Çankırı’nın göbeğinde, Çankırı Lisesi’nin bulunduğu bölgedeki Atatürk Bulvarı’nın Bademlik Camii’ne kadar olan uzantısı ile Org. İsmail Hakkı Karadayı Bulvarı’nın kesiştiği kavşak yanında demiryolu hemzemin geçidinin bulunması, bununla kalsa iyi, Hancı Emir sokak, İsfendiyar sokağın da eklenmesi ile özellikle sabah ve akşam saatlerinde sıkışan trafik tahammül sınırlarını zorluyor.

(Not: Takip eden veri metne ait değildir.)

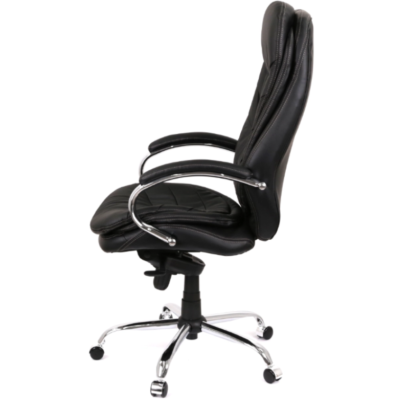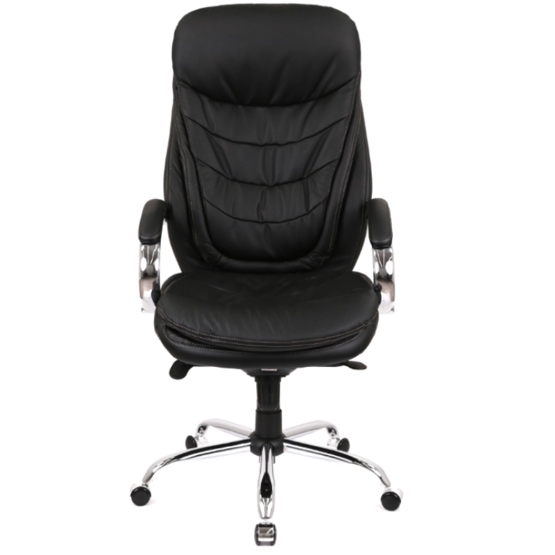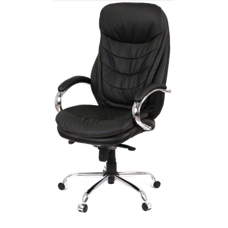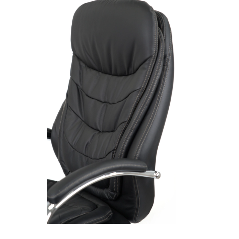 Крісло АКЛАС Валенсія Soft CH MB (00076463) — офісне крісло керівника з високою спинкою та підвищеним рівнем комфорту, розраховане на тривале щоденне використання. Підлокітники металеві з хромованим покриттям, оснащені м’якими накладками з матеріалу оббивки, нерегульовані. Підголівник інтегрований у спинку крісла і окремого регулювання не має. Сидіння м’яке, з комбінованим наповненням із силікону та пінополіуретану, оббивка виконана з натуральної шкіри на робочих поверхнях. Спинка також м’яка, з подушками та ергономічною формою, оббита натуральною шкірою, забезпечує підтримку спини та поперекової зони. Хрестовина п’ятипроменева, металева з хромованим покриттям, оснащена роликами для пересування по підлозі. Крісло обладнане механізмом мультиблок, який забезпечує функцію гойдання, можливість фіксації положення у кількох позиціях, регулювання жорсткості гойдання під вагу користувача та регулювання висоти сидіння за допомогою газліфта. Регулювання підлокітників, глибини сидіння та окремого кута нахилу спинки не передбачені. Максимальне рекомендоване навантаження — до 120 кг.

Trafiğin durduğu, bazı araçların kontak kapatmak zorunda kaldığı metrelerce uzayıp giden araç kuyruğundaki şoförler için çile dakikaları başlamaya görsün. Yakıt israfı, zaman kaybı, doğan stres çekilir gibi değil.
Geriye doğru 10’lu, 20‘li yıllardan 30‘lu yıllara kadar dayanan sorunu öngören babayiğit/babayiğitler çıkmayınca yara bu günlere kadar geldi.
Bu dönemlerde görev alan seçilen/ atananların hürmet, saygı, muhabbet dolu duygularla kulaklarına bir şeylerin fısıldadığından haberleri var mıdır acaba?
Evet; Enerji üretecek, tarım ve hayvancılığa hız kazandıracak, gerektiğinde içme suyu olarak kullanılmaya elverişli, faydası Çankırı, Çorum ve Kastamonu’ya uzanan Devrez Kızlaryolu Hasan Zuhuri Sarıkaya Barajı’nın önemini kimse tartışmıyor. Hayalleri süsleyen yatırımla öğünmek yerden göğe kadar hakları da, ötelenen kronik kavşak hakkında ne düşünüldüğünü insan merak etmeden duramıyor. Nereye kadar?..
Bugün de gelecekte de yaşamaktan mutlu olunan, seçimle gurur duyulan, hayatı kolaylaştıran, her şeye rahatlıkla ulaşabilen, çok değil küçük dokunuşların olduğu akıllı bir şehir isteniyor. Çok mu?.. Hakkı yok mu?..
Geçtiğimiz günlerde yazdım; “ Uydu kent, çevre yolu, hastane vb sizin olsun ben 1074 Çankırıspor’u istiyorum” diye…
Bugün de “Baraj da sizin olsun, ben nefes alacağım kavşak istiyorum.”